Data Hygiene : Making the case for the right amount of clean data

Published By : SiliconANGLE

How much Big Data is enough? Many people are under the impression that the more data you have, the more accurate your analysis will be. Rather than basing research off a small sample population, why not study the entire population? Many analysts who work with big data are now saying this is a false assumption. At some point, it does not matter how much more data you have. Moreover, the quality of the resulting knowledge you glean from analyzing Big Data is less dependent on the quantity of data and more the result of sound analytic processes.

Rather than spending time amassing as much data as possible, discerning data analysts are looking for clean data, which is data that has been purged of inaccuracies and vetted for authenticity. With Big Data, cleansing becomes a larger problem, and the more data you have, the bigger your mess can become. Therefore, it is better to start with a clean approach to gathering the data rather than haphazardly mining any and all data, only to have to sort through it later.

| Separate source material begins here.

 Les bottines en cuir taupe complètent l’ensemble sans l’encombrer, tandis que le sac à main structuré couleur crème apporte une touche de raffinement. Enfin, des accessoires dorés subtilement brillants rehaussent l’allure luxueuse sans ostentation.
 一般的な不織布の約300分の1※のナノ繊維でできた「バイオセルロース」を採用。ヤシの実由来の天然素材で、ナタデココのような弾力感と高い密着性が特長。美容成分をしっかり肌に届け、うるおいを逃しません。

Predictive analysis can play a big role in ensuring that data gathering methods will produce clean data. Someone with skills in soft data science can determine the most reliable variables that will strengthen a data model. It would therefore be shortsighted to suggest that a computer system, even a current generation artificial intelligence, can take the place of a good analyst who can start with clean data rather than having to cleanse data as an afterthought.

Data is always messy


Fractal Analytics founder and CEO Srikanth Velamakanni agrees that it is possible to have too much data but also maintains that working with samples is “always risky”. Regarding data hygiene he said, “Data is always messy. Everybody has messy data. Having said that, we’ve never considered this a problem performing analytics and getting results. You can always get enough from it that it’s useful. If you’re digging for gas, you don’t mind the more expensive process because the value of the gas you finally get to.”

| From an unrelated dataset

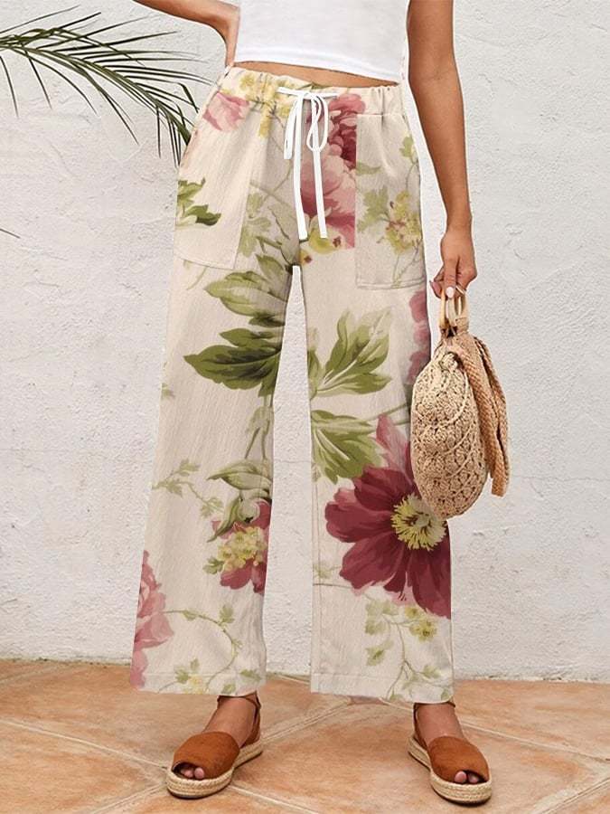 Women's Botanical Floral Design Printed Loose Casual Pants

Ultimately, Velamakanni explains, you must find a balance between the two. You do not want to work with old data from ten years ago if you know it is no longer relevant to your research. At the same time, you do not want to ignore current data because it is larger than a traditional sample size. Quality Big Data analytics is found somewhere between the extremes.

Another risk data analysts take with big data is attempting to quantify human behavior. After all, business always deals with human behavior on some level, whether it is with customers in a retail environment or prisoners in a correctional facility. You can amass quite a bit of quantitative data about people but still not have a true understanding of why they are doing what they do or the circumstances surrounding their actions. Many businesses still gather plenty of qualitative data about customers and their opinions. That may take the form of interviews, focus groups and other softer approaches to gathering data. This can actually help them fine tune their quantitative predictive analysis.

Big Data is not going away, but as organizations actually start to sift through their mountains of information, they will soon find that much of it is not what they actually need. They will need to make better decisions regarding how to gather clean data, and there may be an opening in the Big Data market for vendors and service providers that can help businesses do just that. How much Big Data is enough? The answer may be in the data itself.